Oleh: Rosita Budi Suryaningsih
Sesampainya di kediaman Abbad, Abu Hanifah meletakkan bungkusan beserta surat tersebut tepat di depan rumah.
Sang pemalas pun melihatnya, ia kemudian mengambil bungkusan tersebut dan bergembira bahwa skenario mengemisnya tadi berhasil. Surat tersebut dibacanya, tapi tak diperhatikannya lebih lanjut. Dibuang begitu saja.
Waktu pun berjalan. Suatu hari Abu Hanifah lewat lagi di rumah Abbad. Ia mengira Abbad telah bertobat, tapi ternyata dugaannya salah. Ia masih tetap mendengarkan skenario keluhan sang pemalas tersebut.
Abu Hanifah tak menyerah. Ia merasa sosoknya sebagai imam yang pandai berdakwah pun diuji. Menurutnya, ini adalah ujian baginya. Berdakwah di jalan Allah SWT memang terkadang tak mudah.
Sang Imam pun kembali ke rumahnya dan melakukan hal yang sama, menyiapkan uang, makanan, dan sepucuk surat bagi sang pemalas tersebut.
Kali ini, ia membuat surat yang lebih panjang. Tujuannya agar hati Abbad tersentuh dan bertobat. Ia kemudian meletakkan bungkusan tersebut di jendela rumah Abbad.
Dengan gembira Abbad pun mengambil bungkusan tersebut. Makanan dan uang. Selembar surat tersebut dipegangnya, kemudian dibacanya.
“Kawan, janganlah memohon seperti itu. Bukan begitu cara berikhtiar dan berusaha. Memohon seperti ini setiap hari, itu berarti Anda malas, berarti Anda telah putus asa pada kebenaran dan kekuasaan Allah. Sungguh tak ada yang ridha melihat orang malas seperti dirimu, yang tak mau bekerja untuk keselamatan dirinya,” kata Abu Hanifah dalam surat tersebut.

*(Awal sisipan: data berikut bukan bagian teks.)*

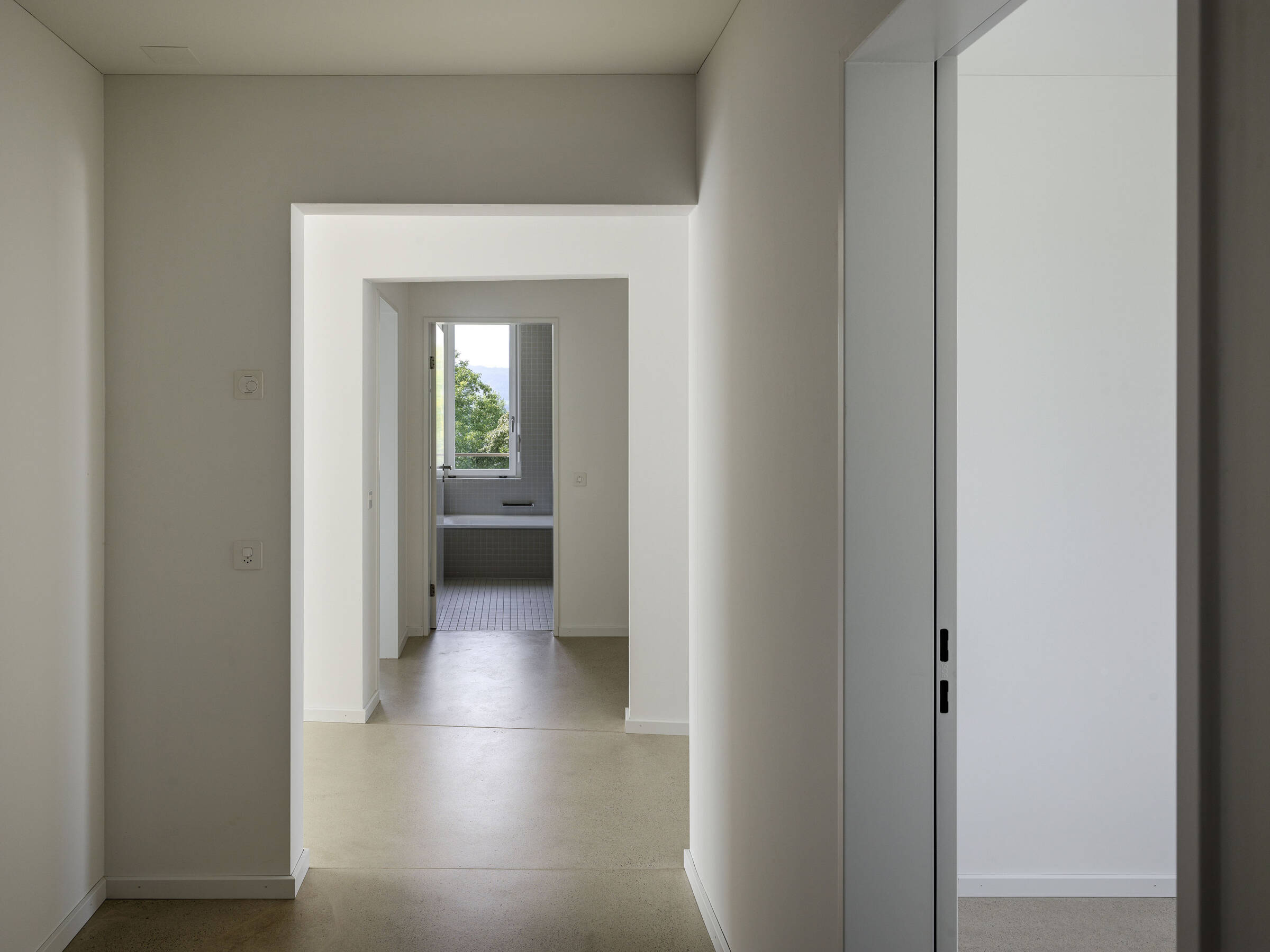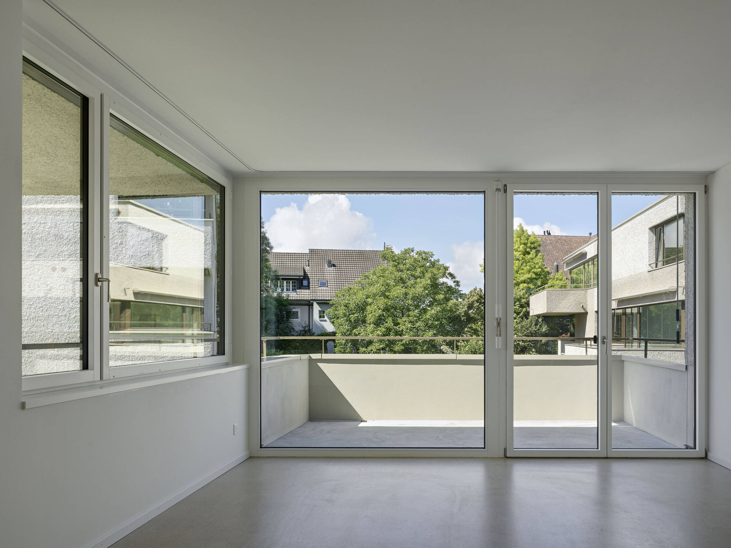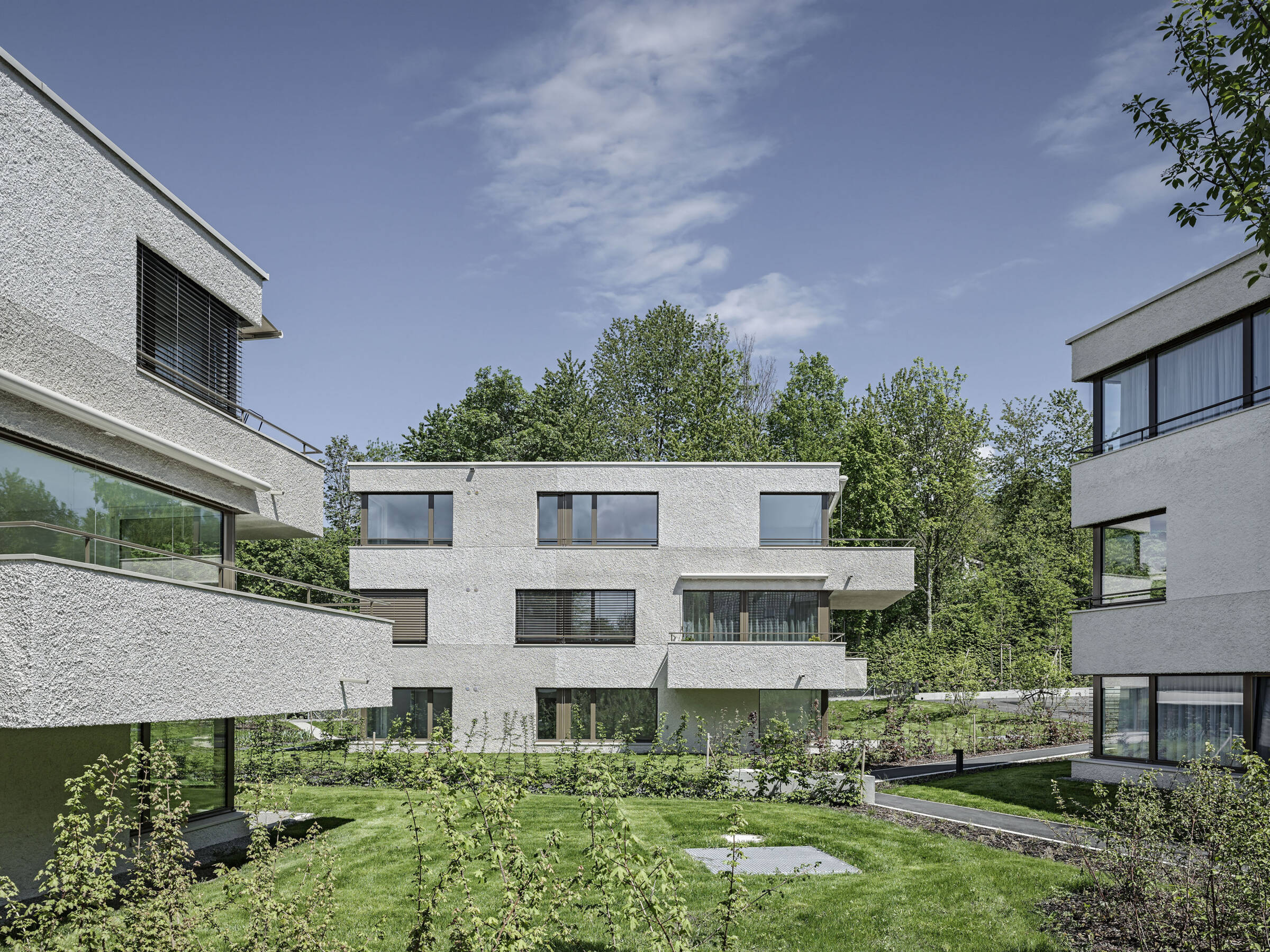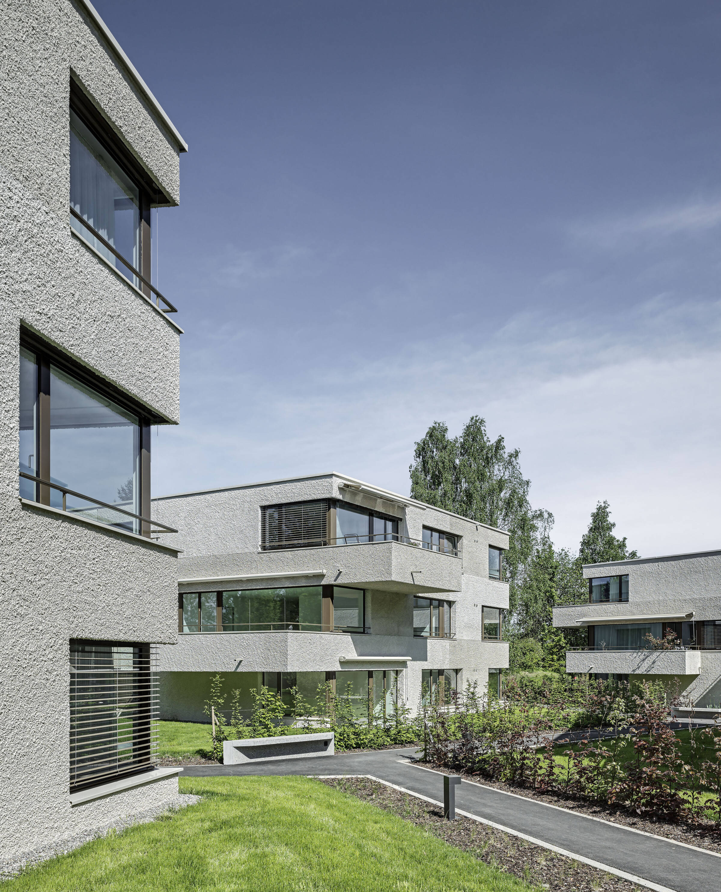 In einem spannenden Wechselspiel von Dichte und Offenheit verwebt sich die Überbauung mit dem angrenzenden Landschaftsraum und verleiht dem Ort eine spezifische Identität. Die Häuser verfügen über einen einladenden Eingangsbereich, der zu den optimal ausgerichteten Wohnungen führt. Diese bieten durch ihre dreiseitige Orientierung und geschickte Anordnung vielfältige Raumerlebnisse: Grosszügige Raumfluchten mit Aussichten wechseln sich mit introvertierten Individualzonen ab.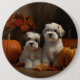 Malti tzu Puppy Autumn Delight Pumpkin 6 Inch Round Button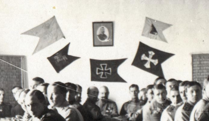 An interesting photo has survived from very early in the emigration period of former guards at a dinner. On the wall are what would seem to be battalion and company flags. These had no system, so any relevent imagery would be suitable.

Tampaknya kali ini isi surat tersebut sedikit menggugah jiwa Abbad. Ia pun merenungi isi surat Abu Hanifah. Ia kemudian meneruskan membaca surat itu.

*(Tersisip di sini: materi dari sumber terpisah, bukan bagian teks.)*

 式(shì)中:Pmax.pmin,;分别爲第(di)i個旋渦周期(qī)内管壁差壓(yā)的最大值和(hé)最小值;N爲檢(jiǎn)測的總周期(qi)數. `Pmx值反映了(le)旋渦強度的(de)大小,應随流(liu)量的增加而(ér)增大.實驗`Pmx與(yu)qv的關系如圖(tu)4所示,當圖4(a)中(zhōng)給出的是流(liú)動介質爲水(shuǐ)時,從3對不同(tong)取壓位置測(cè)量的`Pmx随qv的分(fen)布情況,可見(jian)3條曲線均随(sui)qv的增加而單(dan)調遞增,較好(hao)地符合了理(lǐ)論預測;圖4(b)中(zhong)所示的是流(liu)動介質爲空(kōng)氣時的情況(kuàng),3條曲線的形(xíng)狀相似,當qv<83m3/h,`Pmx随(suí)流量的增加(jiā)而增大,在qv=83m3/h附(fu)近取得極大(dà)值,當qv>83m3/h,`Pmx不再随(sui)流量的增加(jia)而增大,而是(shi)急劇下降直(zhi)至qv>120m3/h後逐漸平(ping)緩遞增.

“Kawan, jangan Anda teruskan perbuatan demikian. Hendaklah Anda bekerja, meski gajinya kecil asalkan halal tak mengapa. Bekerjalah, jangan hanya berdiam diri di rumah. Hanya Allah yang bisa memberi rezeki, tetapi rizki tersebut tak mungkin datang dengan sendirinya, Anda harus mencarinya kawan. Allah tak akan mengabulkan permohonan orang yang malas bekerja.”